2 is pressed against the E washer 15 by its elastic force, and is integrated with the zoom lever 10 by its friction, so that the rotation of the zoom gear 3 is caused by the bevel gear 13, the zoom lever 10, The signal is transmitted to the zoom ring 1 via the zoom lever receiving portion 11, and the zoom ring 1 is rotated around the optical axis.

Thus, when the rotated zoom ring 1 stops with its rotation angle being regulated by a zoom stopper (not shown) (the rotation end of the zoom ring 1), the bevel gear 13 of the zoom lever 10 is moved by the friction of the helical spring 12. The protrusion 10b of the zoom lever 10
Since the zoom motor 9 will slip and rotate around , it will not burn out even if it continues to rotate.

On the other hand, when operating the manual zoom, the zoom lever 1
0 toward the outside and click ball 18.
When the bevel gear 13 of the zoom lever 10 is disengaged from the bevel gear 3b of the zoom gear 3, the bevel gear 13 of the zoom lever 10 is disengaged from the bevel gear 3b of the zoom gear 3. In this state, if the zoom lever 10 is manually operated to rotate the zoom ring 1 around the optical axis, the zoom ring 1 can be rotated with very light torque without being affected by the friction of the helical spring 12. becomes.

FIGS. 3 and 4 show a second example.

In this case, a screw hole 10b' is provided on the inner end surface of the zoom lever 10, and the bevel gear 13 is fixed by a screw rod 20 screwed into the screw hole 10b'. Click holes in which the click ball 18 of the zoom lever 10 engages are provided as circumferential grooves 19a' and 19b' at the positions. That is, the zoom lever 10 is provided so as to be slidable and rotatable at two points, inside and outside, via a click spring (friction spring) 17. Therefore, during electric zoom operation, the zoom lever 10 is moved toward the axis of the zoom ring 1, and the round hole 16 of the zoom lever 10 is moved toward the axis of the zoom ring 1.
When the click ball 18 attached to the outer end of the click spring 17 fitted with the click ball 18 is fitted into the inner click circumferential groove 19b' of the zoom lever receiving part 11, the bevel gear 13 of the zoom lever 10 is moved to the bevel gear 3b of the zoom gear 3. mesh with. When power is supplied to the zoom motor 9 in this state, the rotation of the zoom motor 9 is transmitted to the zoom gear 3 via the reduction gear unit 8 and the output gear 7.
transmitted to. In this case, the zoom lever 10 is integrated with the bevel gear 13 because the click spring 17 that presses the click ball 18 against the click circumferential groove 19b' maintains sufficient spring biasing force to restrict the rotation of the zoom lever 10. The rotation of the zoom gear 3 is transmitted to the zoom ring 1 via the bevel gear 13 meshing with it, the zoom lever 10, and the zoom lever receiver 11, and the zoom ring 1 is rotated around the optical axis. .
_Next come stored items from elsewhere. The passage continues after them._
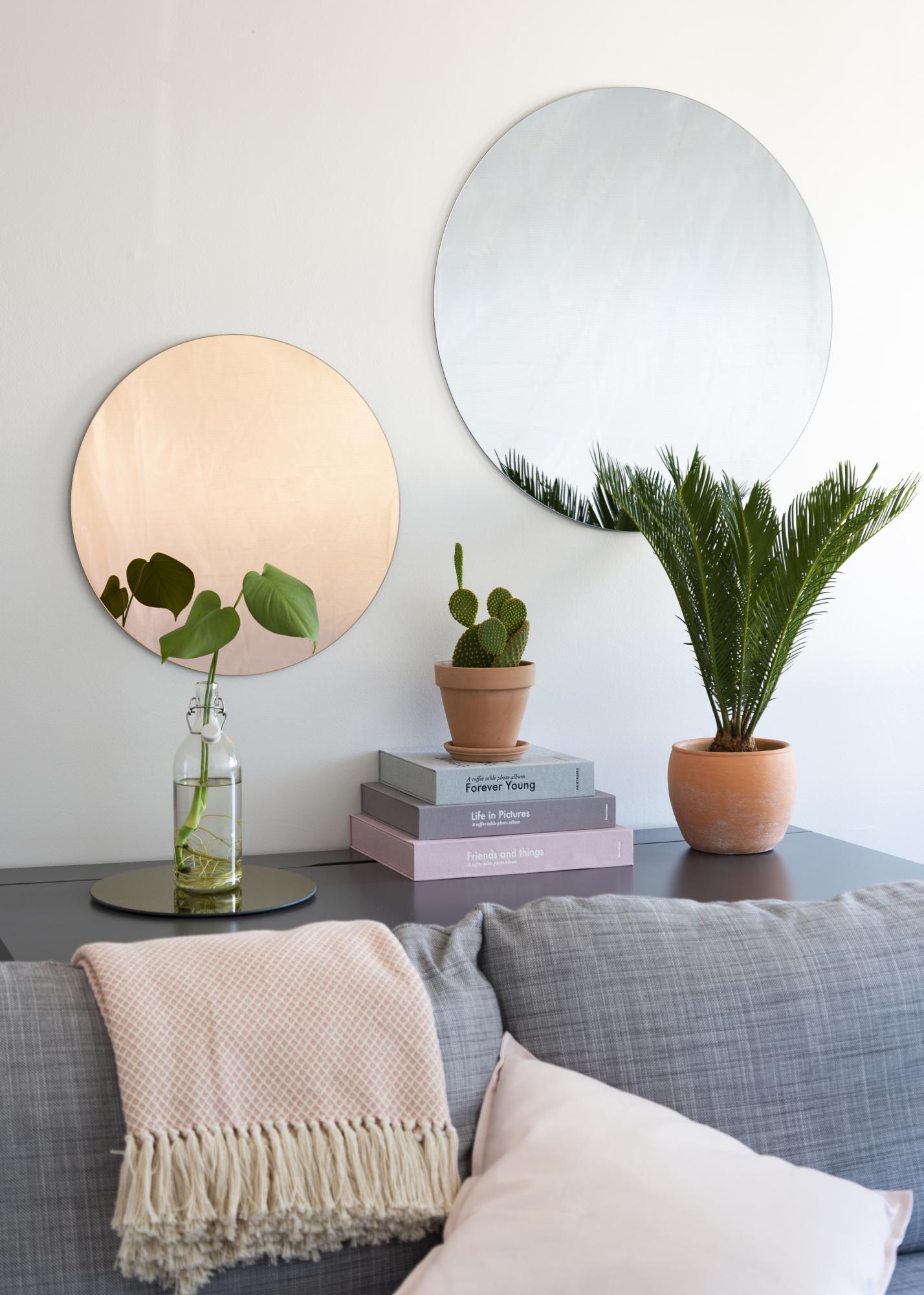 KAILA Okrúhle Zrkadlo Rose Gold je dostupné v rôznych veľkostiach. Táto varianta má veľkorysú veľkosť 110 cm Ø.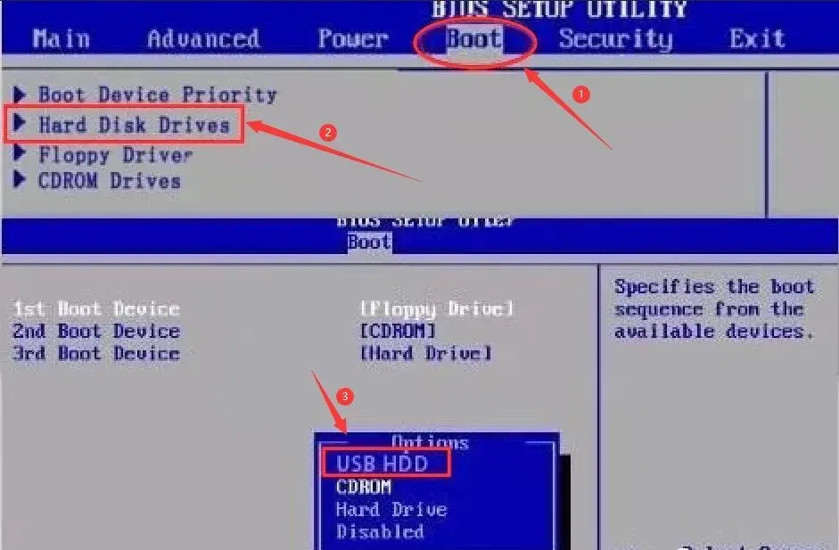 第二种:进入电脑Bios设置U盘为第一启动项(第一种方法使用快捷键启动无法选择U盘时用此方法设置)。由于不同电脑进入Bios设置U盘启动各有差异,以下仅供参考(建议用户根据自己的电脑品牌自行搜索设置方法)。开机出现Press“ F2” to enter SETUP 时,按F2键(具体以自己的电脑开机显示为准)。按键盘上的方向键切换到“BOOT”项,点击“Hard Disk Drives”,将“1ST BOOT” 修改为“USB HDD”按F10保存更改,重启时就会自动载入U盘。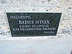 FELÚJÍTTATTA RADICS ISTVÁN, GÁLOSFA SZÜLÖTTE ÉS ELSŐ POLGÁRMESTERE EMLÉKÉRE CSALÁDJA.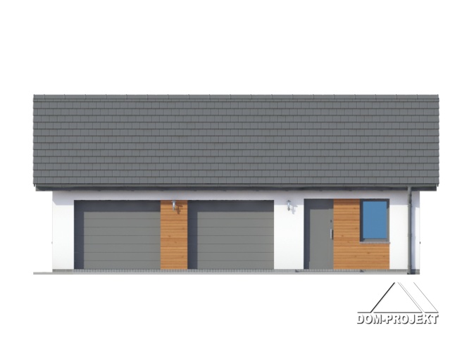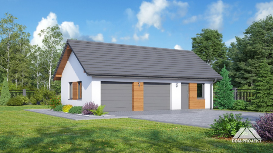 Garaż na dwa samochody z pomieszczeniem gospodarczym.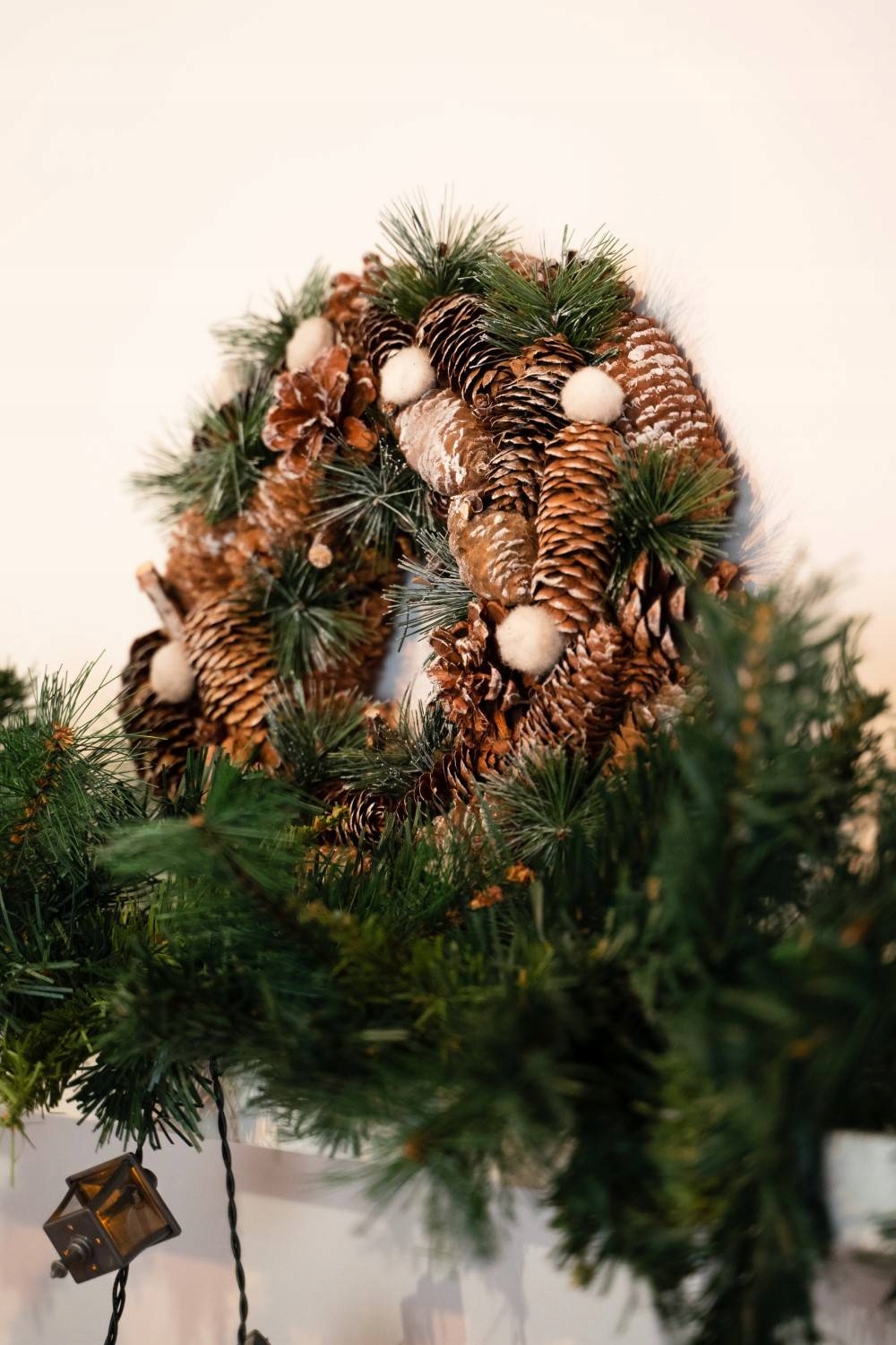 Coronita decorativa cu conuri si ramuri cu sclipici, diametru 34 cm, bej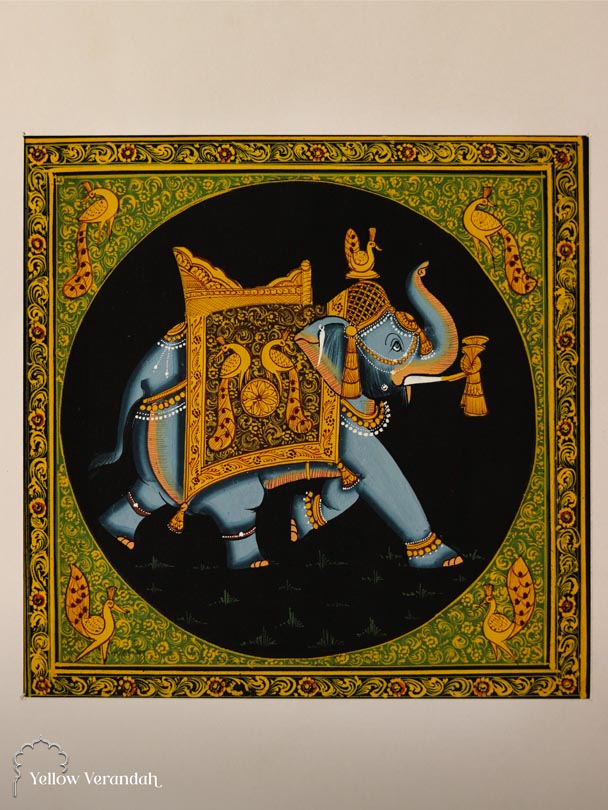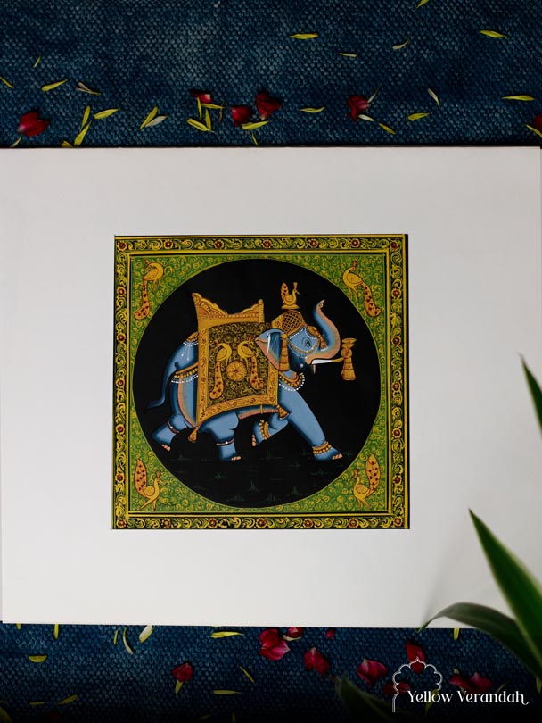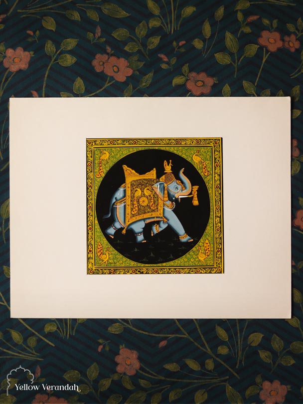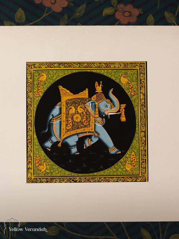 Original Mughal Painting - Elephant in miniature style, created by local artist in Jaipur, Rajasthan.
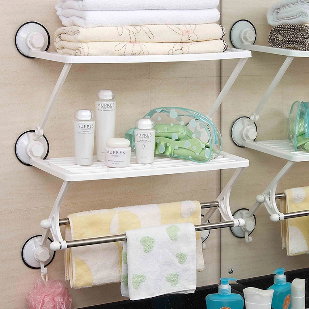Decopatent Zelfklevend Badkamer / Keuken Opbergrek met 2 Legplanken en 2 Handdoek stangen - Muur / Wand Bevestiging met Zuignappen - Handdoekhouder Badkamer - Wand Handdoeken rek Stang Houder - Handdoek rek Handkoekstang - Zonder Boren & Schroeven - Decopatent®

When the rotated zoom ring 1 stops with its rotation angle being regulated by a zoom stopper (not shown), the bevel gear 13 of the zoom lever 10 resists the friction of the click spring 17 and the click ball 18 against the click circumferential groove 19b'. Since the zoom motor 9 rotates together with the zoom lever 10 which slides and rotates, the zoom motor 9 will not burn out even if it continues to rotate.

On the other hand, in manual zoom operation, the zoom lever 10
The zoom ring 1
can be rotated around the optical axis with a very light torque.

[Effect of idea]

As described above, according to this invention, switching between electric zoom and manual zoom can be easily performed by moving the zoom lever in the diametrical direction of the zoom ring. Also, the obstruction to visual inspection of the distance scale on the circumference of the focus ring can be eliminated.

In addition, with this device, the switching stroke is not attenuated by the spring in the switching part, and the switching can be performed reliably only by the stroke of engaging and disengaging the bevel gears, so there is no need for a large switching stroke like in the past. .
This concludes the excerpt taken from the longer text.